─── Exercise materials

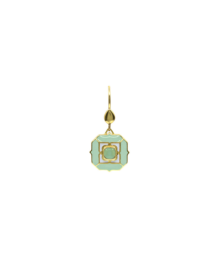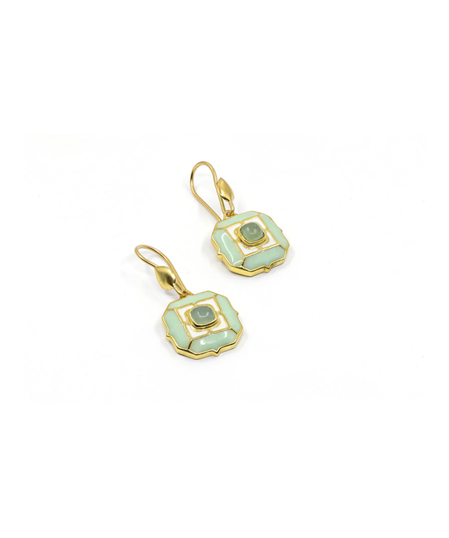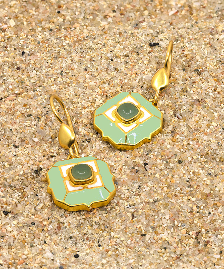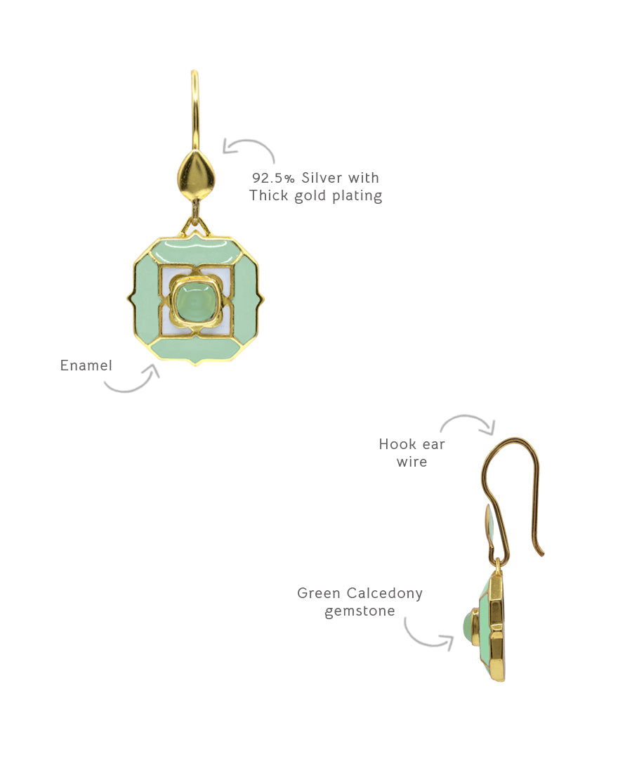 These easy to wear Sea Breeze Earrings brings a fresh pop of color to your style. These earrings are handcrafted in 92.5% silver, with thick gold plating and exquisite enameling. Adorned with green calcedony gemstone, super easy to wear with ear wire mechanism.
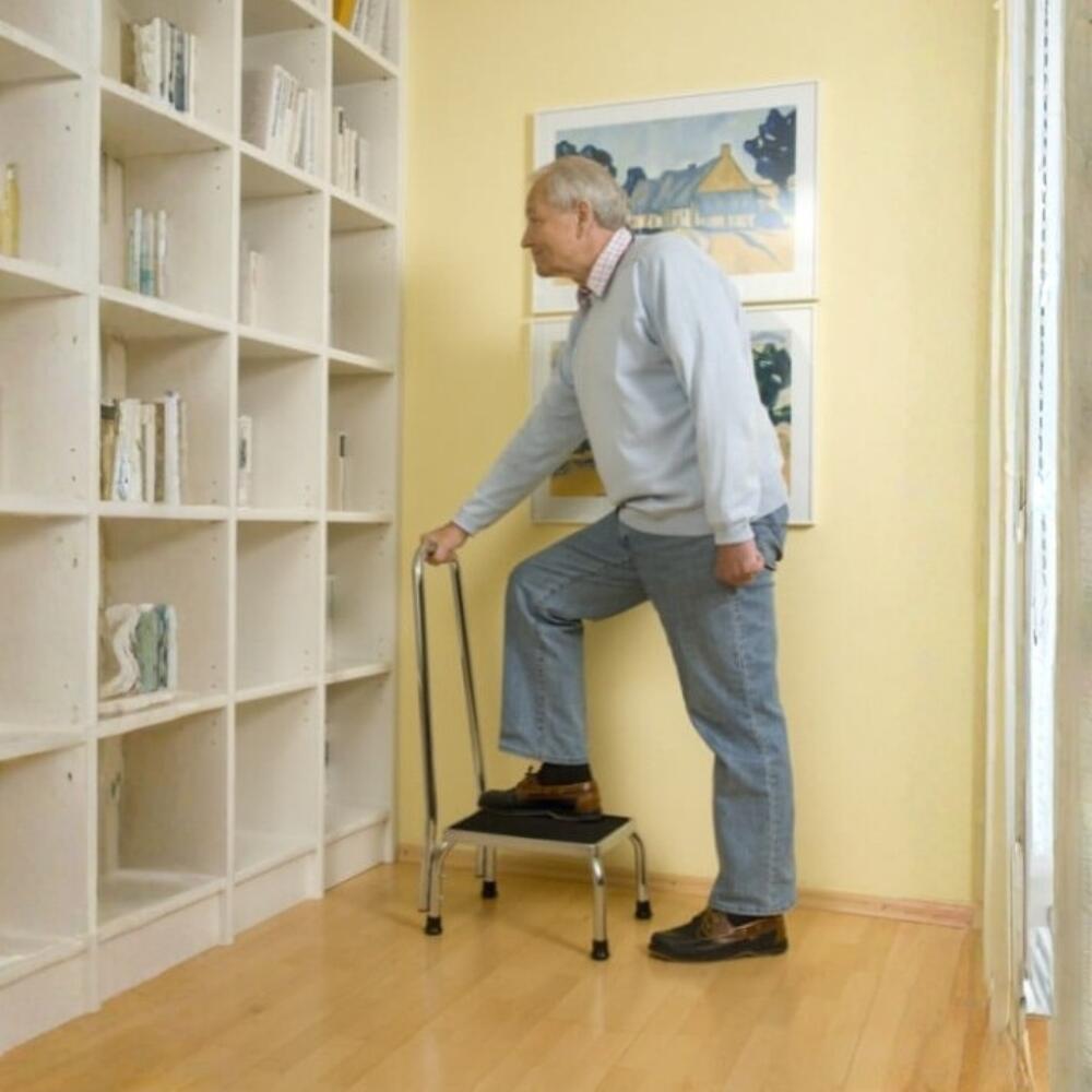 Treapta este acoperită cu un strat anti-alunecos care previne alunecările accidentale, iar mânerul de sprijin integrat asigură echilibru și siguranță suplimentară în timpul utilizării. Designul ergonomic o face potrivită atât pentru pacienți, cât și pentru personalul medical.
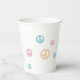 Two Groovy Retro Style Birthday party cups with peace signs in pink, turquoise and yellow.
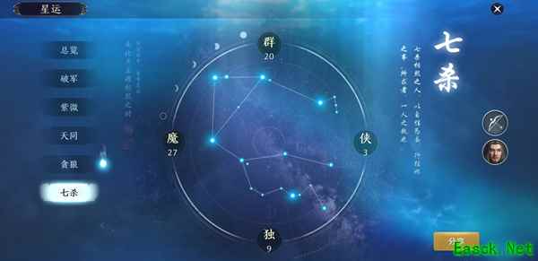 七杀 七杀相照之人,以自性为妄,行狂邪之事,所求者,一人之执也。从这句话就可以得出七杀受独,魔两属性影响。贪狼星运对游侠职业就加成效果并且贪狼相照之人可为叶知秋逆天改命。
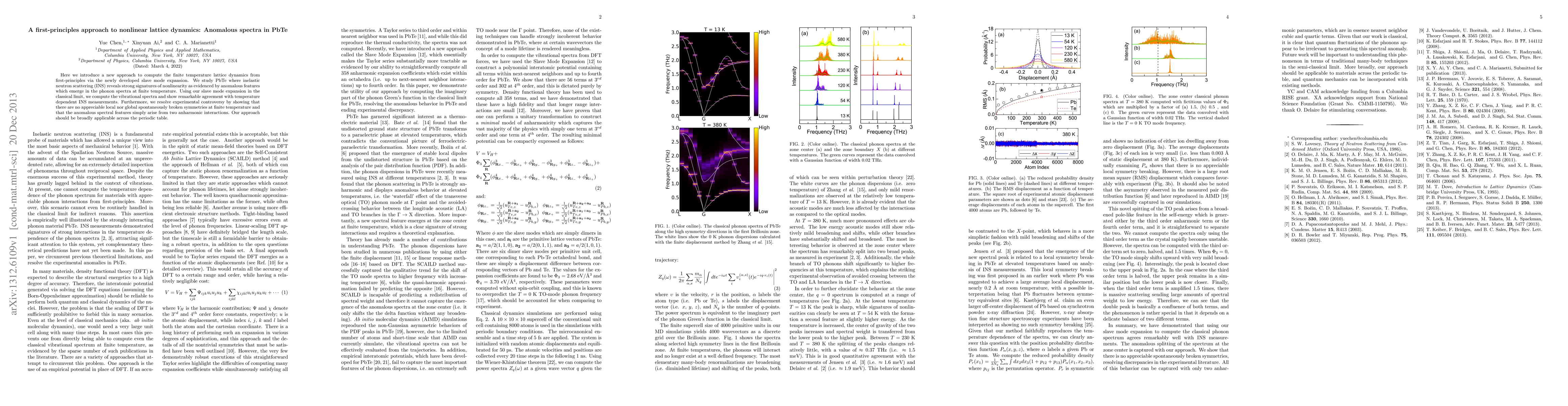 Here we introduce a new approach to compute the finite temperature lattice dynamics from first-principles via the newly developed slave mode expansion. We study PbTe where inelastic neutron scattering (INS) reveals strong signatures of nonlinearity as evidenced by anomalous features which emerge in the phonon spectra at finite temperature. Using our slave mode expansion in the classical limit, we compute the vibrational spectra and show remarkable agreement with temperature dependent INS measurements. Furthermore, we resolve experimental controversy by showing that there are no appreciable local nor global spontaneously broken symmetries at finite temperature and that the anomalous spectral features simply arise from two anharmonic interactions. Our approach should be broadly applicable across the periodic table.
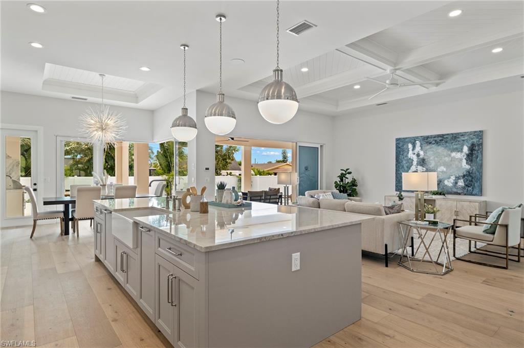 Exciting opportunity for new construction on a rare lot and a half in Naples Park! This spectacular 4 bedroom + den, 4.5 bath residence designed by South Florida Architecture showcases exceptional craftsmanship and elevated design throughout. The open-concept floor plan features wide plank wood flooring, hurricane-impact windows and doors, and Lutron smart lighting throughout. Each bedroom offers privacy and comfort with its own en-suite bathroom, creating an ideal layout for family and guests. The light-filled chef’s kitchen is beautifully appointed with custom high-end cabinetry, and JennAir appliances including a gas cooktop, seamlessly flowing into the main living and dining areas. A dramatic 90-degree sliding glass wall opens the home to an expansive outdoor living space complete with a summer kitchen, resort-style gas-heated pool and spa, and a poured concrete pool deck, creating the perfect setting for entertaining and embracing the Florida lifestyle. Built on an oversized lot with elevation exceeding current building requirements and finished with a durable metal roof, this home offers both quality construction and modern coastal design. This exceptional Naples Park residence combines luxury finishes, thoughtful design, and a prime location just minutes from Mercato, Vanderbilt Beach, and the best of North Naples dining and shopping.
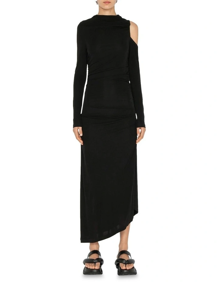 Cut from European viscose jersey, the minimalist silhouette will make this dress one of your most versatile pieces. Featuring an engineered shoulder cut out and ruching at the waist to create a flattering silhouette. Pair it back with heels or boots for a refined look. Made in Australia.
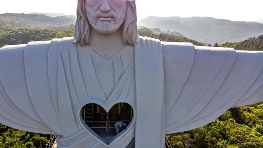 A cena se passava dentro do coração de um Cristo. Literalmente. Uma estátua de 43 metros de altura fincada em Encantado, interior do Rio Grande do Sul. Dentro do peito da estátua — há um recorte em forma de coração — ali, respirava ela, a mocinha centenária.
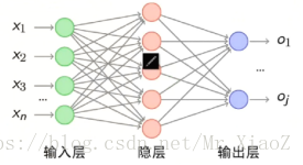 输入层输入x1,x2...xn经过1个隐藏层最后输出层输出o1,...oj
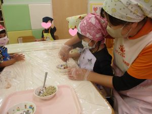 そのあとは縮緬雑魚とふりかけの材料を混ぜ混ぜ♪

──────

● Problem statement: Each line from the start of the entries through the line with "Here we introduce" is to be restated exactly, and the pictures are to be skipped.

● Exercise response:
 These easy to wear Sea Breeze Earrings brings a fresh pop of color to your style. These earrings are handcrafted in 92.5% silver, with thick gold plating and exquisite enameling. Adorned with green calcedony gemstone, super easy to wear with ear wire mechanism.
 Treapta este acoperită cu un strat anti-alunecos care previne alunecările accidentale, iar mânerul de sprijin integrat asigură echilibru și siguranță suplimentară în timpul utilizării. Designul ergonomic o face potrivită atât pentru pacienți, cât și pentru personalul medical.
 Two Groovy Retro Style Birthday party cups with peace signs in pink, turquoise and yellow.
 七杀 七杀相照之人,以自性为妄,行狂邪之事,所求者,一人之执也。从这句话就可以得出七杀受独,魔两属性影响。贪狼星运对游侠职业就加成效果并且贪狼相照之人可为叶知秋逆天改命。
 Here we introduce a new approach to compute the finite temperature lattice dynamics from first-principles via the newly developed slave mode expansion. We study PbTe where inelastic neutron scattering (INS) reveals strong signatures of nonlinearity as evidenced by anomalous features which emerge in the phonon spectra at finite temperature. Using our slave mode expansion in the classical limit, we compute the vibrational spectra and show remarkable agreement with temperature dependent INS measurements. Furthermore, we resolve experimental controversy by showing that there are no appreciable local nor global spontaneously broken symmetries at finite temperature and that the anomalous spectral features simply arise from two anharmonic interactions. Our approach should be broadly applicable across the periodic table.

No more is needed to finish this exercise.